Nyx problems [Sunday 12th June 2016 at 4:46 pm]

Nyx has just crashed in some fashion - both monitors spontaneously dropped into power-save mode, and the music that was playing stopped a few seconds later. The keyboard is no longer responding either (protip: the Num Lock light is software-controlled, so if nothing happens when you press Num Lock then things have gone very wrong). So that looks like a rather major kernel fault and I suspect the graphics card is involved (when I first upgrades to the GTX 950, it had a spate of graphics driver reloads - I thought those had gone away, but evidently not).

Except... Nyx is still present on the network. I can ping it from Hemera. The video output has failed, it's not responding to keyboard input... but I can ping it over a wifi connection. I can see the file shares in Explorer.
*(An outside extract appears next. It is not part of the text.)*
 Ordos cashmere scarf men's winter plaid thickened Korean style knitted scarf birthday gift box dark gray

I can even get as far as opening a remote desktop connection, though it gets stuck on "configuring remote session".

Seriously, WTF is going on here? This is unusual even by my computing standards.

Ah well, since it's running and network-visible time to do some poking around. There's a fair amount of remote administration capability built into Windows - most of the stuff in Administrative Tools can control another computer if you've got a suitable account to log in to. So let's see what I can find out!
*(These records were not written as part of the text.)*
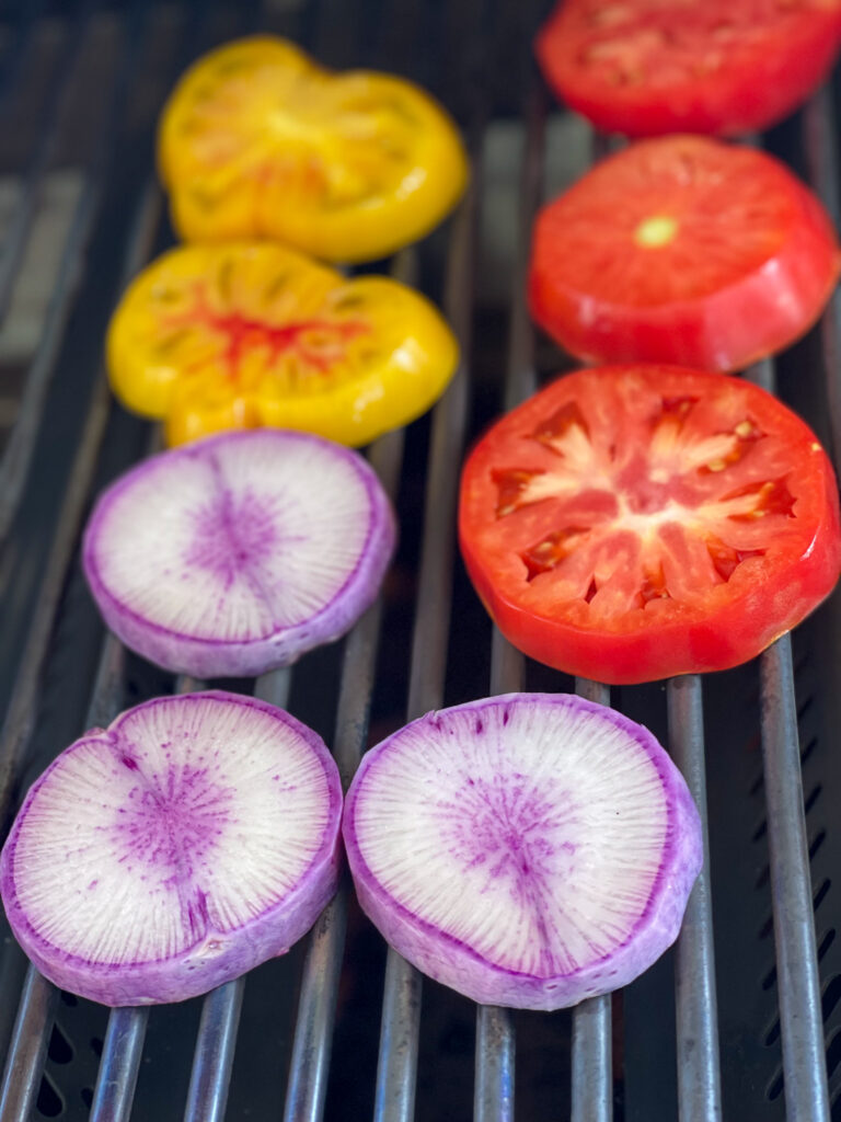 2. Place daikon and heirloom tomatoes on a medium preheated Bull Grill.
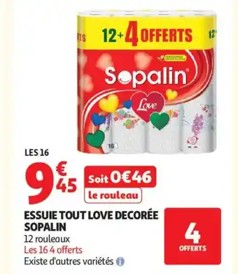 Actuellement en offre chez Auchan Supermarché : SOPALIN Essuie tout love decorée ✅ Valable du 2-01 au 10-01.
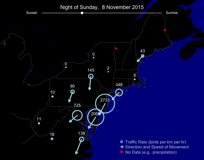 November 14, 2015Traffic Report: Northeastern US, 6-13 NovemberWelcome to our latest installment of the traffic report describing northeast US nocturnal bird migration traffic rates, as calculated from a completely automated pipeline of algorithms. The images you see in Traffic Reports present the migration traffic rate (MTR), direction of…
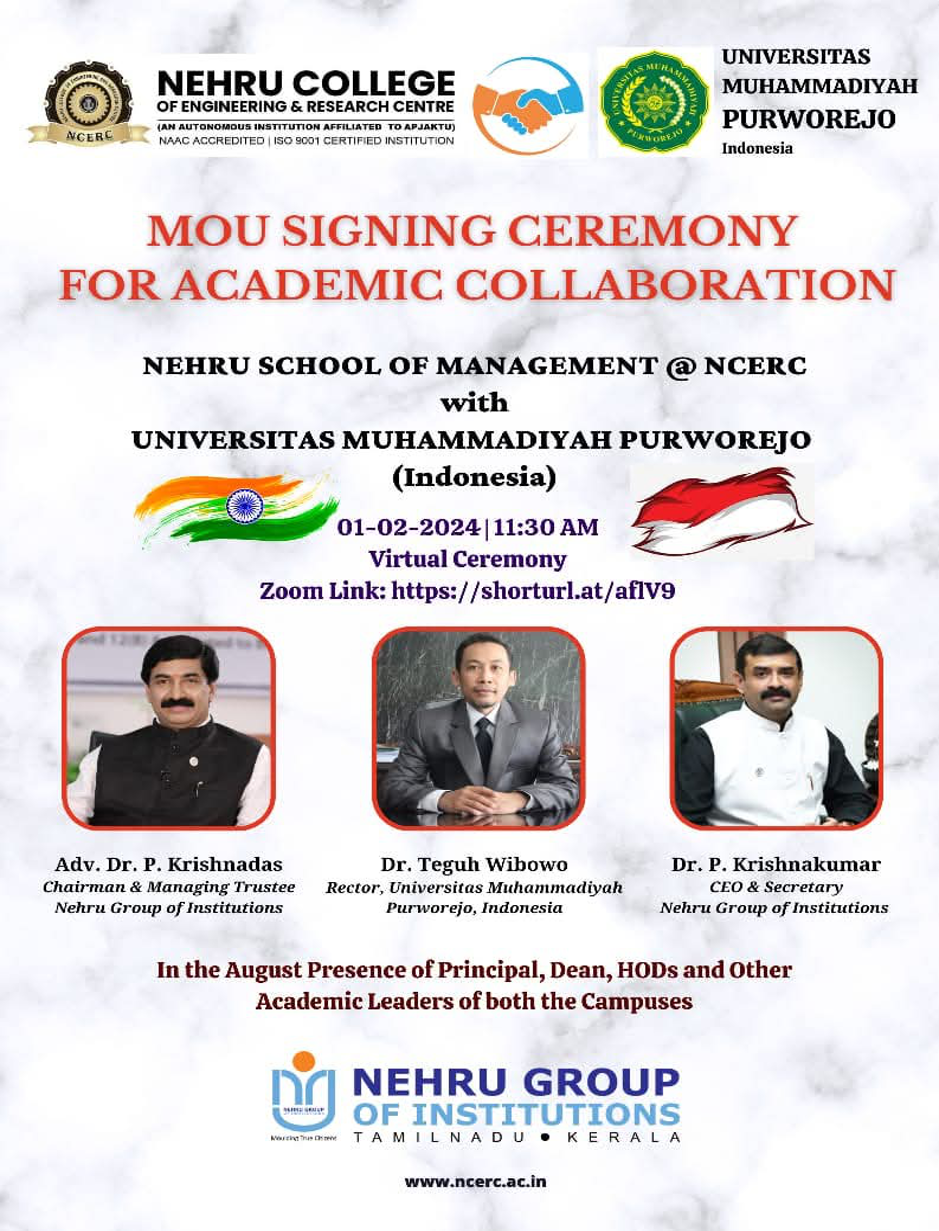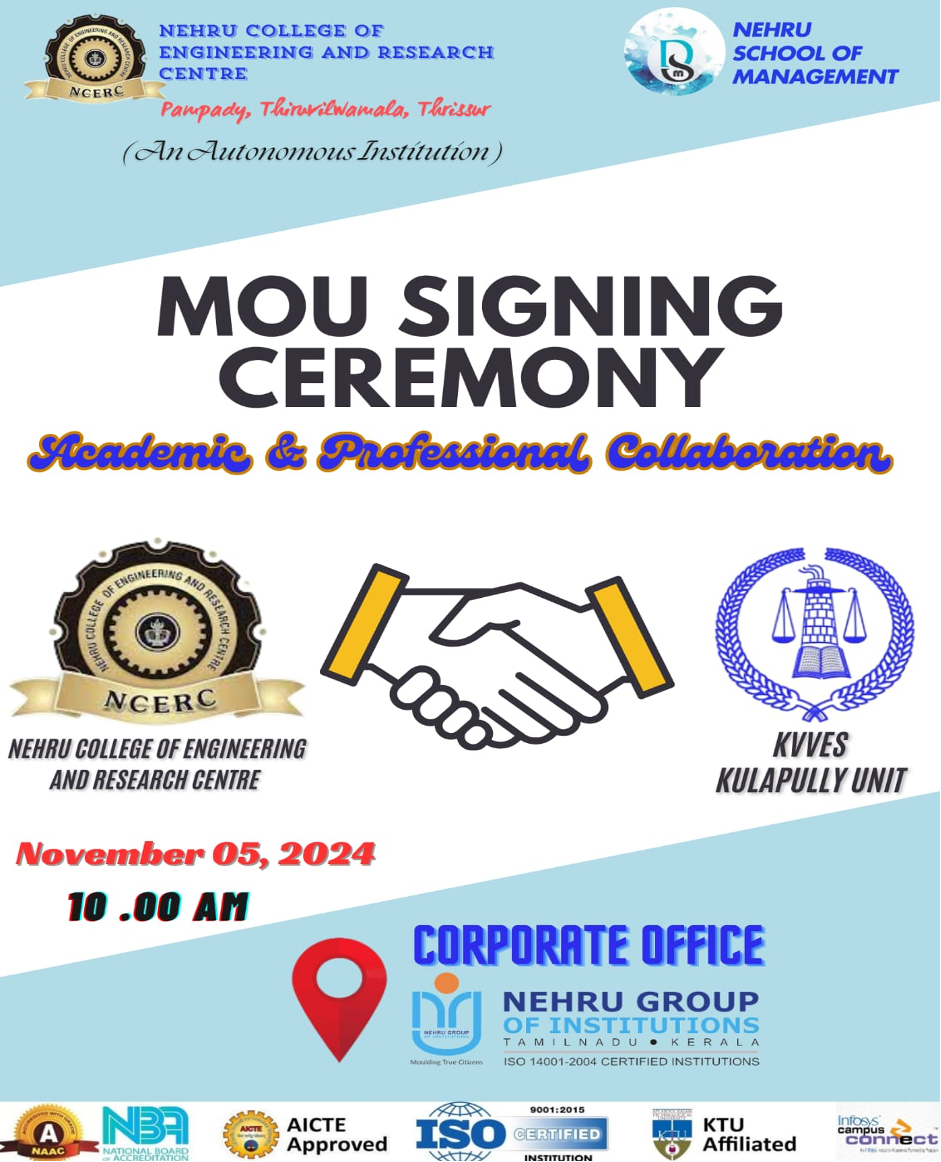 The MBA program at Nehru College of Engineering and Research Centre offers industry-relevant specializations such as Finance, Marketing, Human Resource Management, Operations, and Systems. The curriculum is designed to meet current business trends, making NCERC one of the best MBA colleges in Kerala for management education.

First off, let's try Event Viewer. Launch Event Viewer, right-click on the top-level Event View item in the tree, pick Connect to Another Computer, and enter Nyx (the same trick works for Computer Management). Hmm... well the Application log shows that Desktop Window Manager disabled itself (this is the service that does all the Aero effects), and then Windows Error Reporting logged a kernel error. Nothing particularly useful here but it does point towards graphics. System log, on the other hand, starts off with a Display log claiming that nvlddmkm hung and was "successfully" recovered (hah), followed by some error logs from nvlddmkm. Now I happen to know that this is part of the nVidia drivers, so I was right - it was indeed the graphics card and/or driver that failed.
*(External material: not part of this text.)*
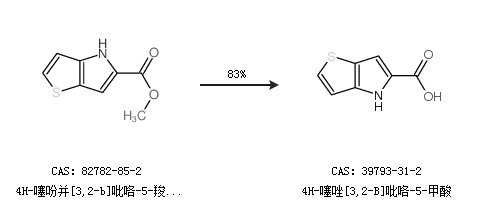 2.通过4H-噻吩并[3,2-b]吡咯-5-羧酸甲酯合成4H-噻唑[3,2-B]吡咯-5-甲酸,收率约83%;
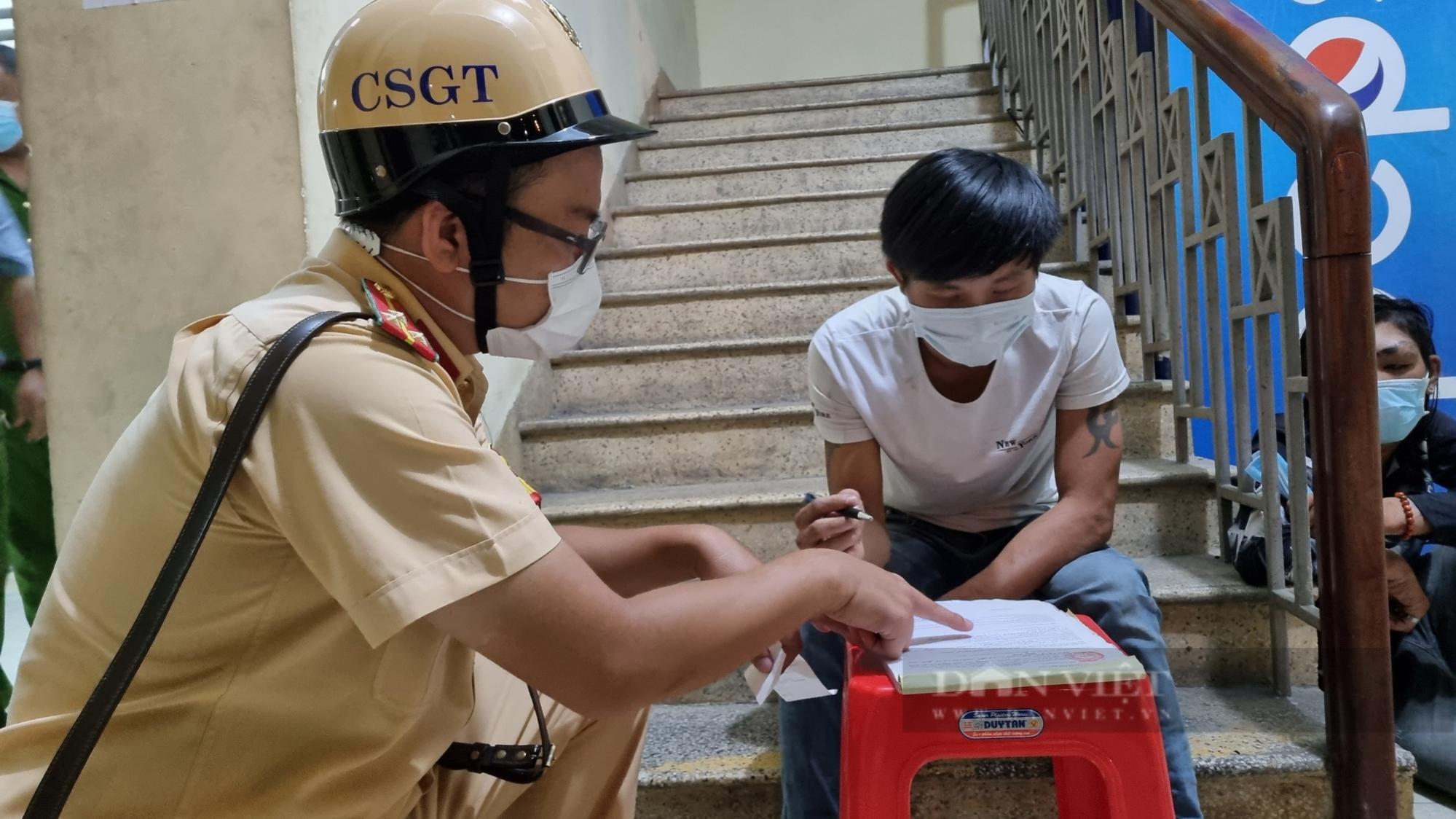 CSGT Công an TP.Biên Hòa (Đồng Nai) lập biên bản với đối tượng Vũ Thành Nam. Ảnh: Nha Mẫn

Next... hmm, I wonder if I can get Device Manager working? Well, I need to start the Remote Registry service according to the error message from Device Manager (easy enough), and then from the instructions here I also need a group policy tweak and then to run gpupdate.exe, which I can do remotely with Sysinternals' PsExec tool. And with that I now have remote Device Manager! Sadly it's only a read-only view and so doesn't let me do anything interesting.

Well, my conclusion is that there was a serious graphics card/driver error and the system failed to recover the driver, and some aspect of that completely broke the GUI. I can't get any further remotely so my best option is to trigger a remote shutdown (in the hope of preserving whatever state I had in open programs) and then if that doesn't work use the reset button.

And then head out and enjoy the unexpectedly sunny afternoon because my computers are conspiring against me (Hemera's currently refusing to enable its wifi radio so I've got it on the floor plugged directly into the router). I did at least manage to load the latest geocaches onto the phone first, so I achieved something!